Recorded data:
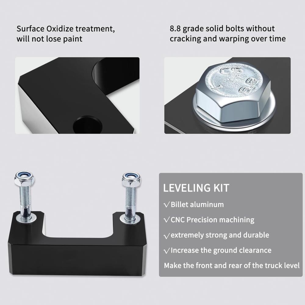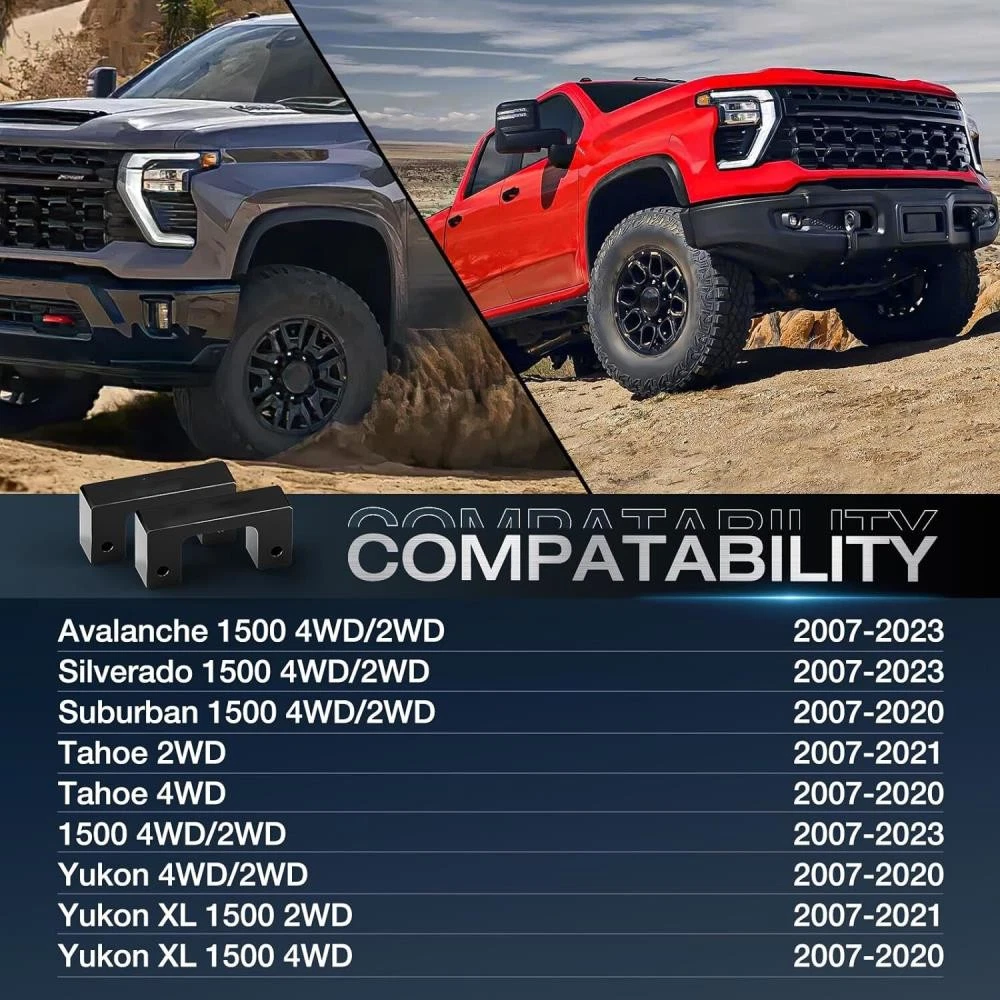 Specification: Product color: Black Product material: Aluminum Fits: 2007-2011&2013 avalanche 2WD/4WD 2007-2019 silverado 1500 2WD/4WD 2007-2012 suburban 1500 2WD/4WD & 2015-2016 2018-2019 Suburban 2007-2019 tahoe 2WD/4WD 2007-2009 | 2015 | 2017-2018 Sierra 2WD/4WD 2007-2019 sierra 1500 4WD/2WD 2007-2019 yukon 2WD/4WD 2016-2019 yukon xl 2008-2014 yukon xl 1500 Please note that it does not fit ''Trailboss" models''/''AT4'' models/2014-2018 "Denali" models/ "MagneRide" models/ and 2007 "Classic" models. Please note: Lift spacer thickness and lift is not a 1 to 1 ratio due to the suspension geometry. Package Include: 2pcs/Set X Front Lift Spacers Package Include:Leveling kit 2pcs(6061 Aluminum alloy),Screw × 4, nut × 4, gasket × 8 Compatible with:2007-2023 Avalanche 1500 4WD/2WD,2007-2023 Silverado 1500 4WD/2WD,2007-2020 Suburban 1500 4WD/2WD,2007-2021 Tahoe 2WD,2007-2020 Tahoe 4WD,2007-2023 Sierra 1500 4WD/2WD,2007-2020 Yukon 4WD/2WD,2007-2021 Yukon XL 1500 2WD,2007-2020 Yukon XL 1500 4WD This lift kit will raise the front of your Silverado or Sierra by a true 2.5". Can be installed in about 1 1/2-2 hours and does not require strut/coil disassembly like other kits. They are CNC machined out of billet aluminum and then anodized black to match you factory suspension. The quality of this kit cannot even be compared to cheap imported spacers. These spacers are the strongest on the market and come with a 100% satisfaction guarantee. Not Fit:Not compatible with 2014-2018 "Denali" models,2007 "Classic" models,AT4 Models,TrailBoss Models and MagneRide Models Material:The leveling lift kit is made of 6061 aluminum alloy for better durability and lighter weight. The surface treatment is anodized black, which is not easy to rust and lasts longer Fits: For Silverado 2WD/4WD * 2007-2019 For GMC Sierra 2WD/4WD * 2007-2019 For Yukon 2wd/4wd * 2007-2019 For Tahoe 2wd/4wd * 2007-2019 For Suburban 1500 2wd/4wd * 2007-2019 For Chevy Avalanche 2wd/4wd * 2007-2013 *Will not fit Classic Body Style 2007 Models. Package Include: 2 x 2.5 inch Leveling kit 4 x Screw 4 x Nut 8 x Gasket On Mar 31, 2026 at 02:47:00 PDT, seller added the following information:
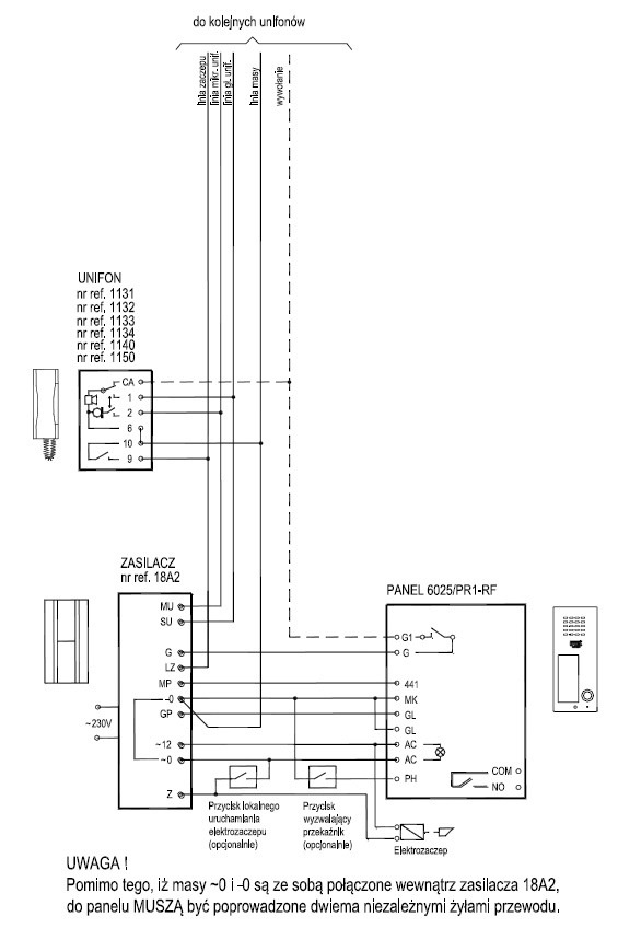 Do podłączenia zestawu wymagana jest instalacja 8-przewodowa. Panel zewnętrzny połączony jest ze wzmacniaczem domofonowym 8 żyłami, a wzmacniacz ze słuchawką - 5 żyłami (patrz: schemat). Otwieranie dodatkowej bramy automatycznej wymaga dodatkowych 2 przewodów.
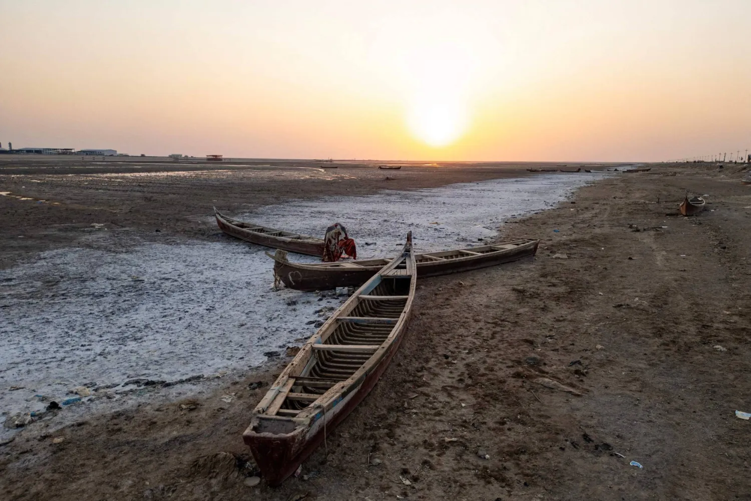 خزان مدمر من مستنقعات جافة يظهر في محافظة البصرة جنوب العراق

Problem to work on: Output the material above exactly as written and drop any images it holds.

Solution below:
 Specification: Product color: Black Product material: Aluminum Fits: 2007-2011&2013 avalanche 2WD/4WD 2007-2019 silverado 1500 2WD/4WD 2007-2012 suburban 1500 2WD/4WD & 2015-2016 2018-2019 Suburban 2007-2019 tahoe 2WD/4WD 2007-2009 | 2015 | 2017-2018 Sierra 2WD/4WD 2007-2019 sierra 1500 4WD/2WD 2007-2019 yukon 2WD/4WD 2016-2019 yukon xl 2008-2014 yukon xl 1500 Please note that it does not fit ''Trailboss" models''/''AT4'' models/2014-2018 "Denali" models/ "MagneRide" models/ and 2007 "Classic" models. Please note: Lift spacer thickness and lift is not a 1 to 1 ratio due to the suspension geometry. Package Include: 2pcs/Set X Front Lift Spacers Package Include:Leveling kit 2pcs(6061 Aluminum alloy),Screw × 4, nut × 4, gasket × 8 Compatible with:2007-2023 Avalanche 1500 4WD/2WD,2007-2023 Silverado 1500 4WD/2WD,2007-2020 Suburban 1500 4WD/2WD,2007-2021 Tahoe 2WD,2007-2020 Tahoe 4WD,2007-2023 Sierra 1500 4WD/2WD,2007-2020 Yukon 4WD/2WD,2007-2021 Yukon XL 1500 2WD,2007-2020 Yukon XL 1500 4WD This lift kit will raise the front of your Silverado or Sierra by a true 2.5". Can be installed in about 1 1/2-2 hours and does not require strut/coil disassembly like other kits. They are CNC machined out of billet aluminum and then anodized black to match you factory suspension. The quality of this kit cannot even be compared to cheap imported spacers. These spacers are the strongest on the market and come with a 100% satisfaction guarantee. Not Fit:Not compatible with 2014-2018 "Denali" models,2007 "Classic" models,AT4 Models,TrailBoss Models and MagneRide Models Material:The leveling lift kit is made of 6061 aluminum alloy for better durability and lighter weight. The surface treatment is anodized black, which is not easy to rust and lasts longer Fits: For Silverado 2WD/4WD * 2007-2019 For GMC Sierra 2WD/4WD * 2007-2019 For Yukon 2wd/4wd * 2007-2019 For Tahoe 2wd/4wd * 2007-2019 For Suburban 1500 2wd/4wd * 2007-2019 For Chevy Avalanche 2wd/4wd * 2007-2013 *Will not fit Classic Body Style 2007 Models. Package Include: 2 x 2.5 inch Leveling kit 4 x Screw 4 x Nut 8 x Gasket On Mar 31, 2026 at 02:47:00 PDT, seller added the following information:
 Do podłączenia zestawu wymagana jest instalacja 8-przewodowa. Panel zewnętrzny połączony jest ze wzmacniaczem domofonowym 8 żyłami, a wzmacniacz ze słuchawką - 5 żyłami (patrz: schemat). Otwieranie dodatkowej bramy automatycznej wymaga dodatkowych 2 przewodów.
 خزان مدمر من مستنقعات جافة يظهر في محافظة البصرة جنوب العراق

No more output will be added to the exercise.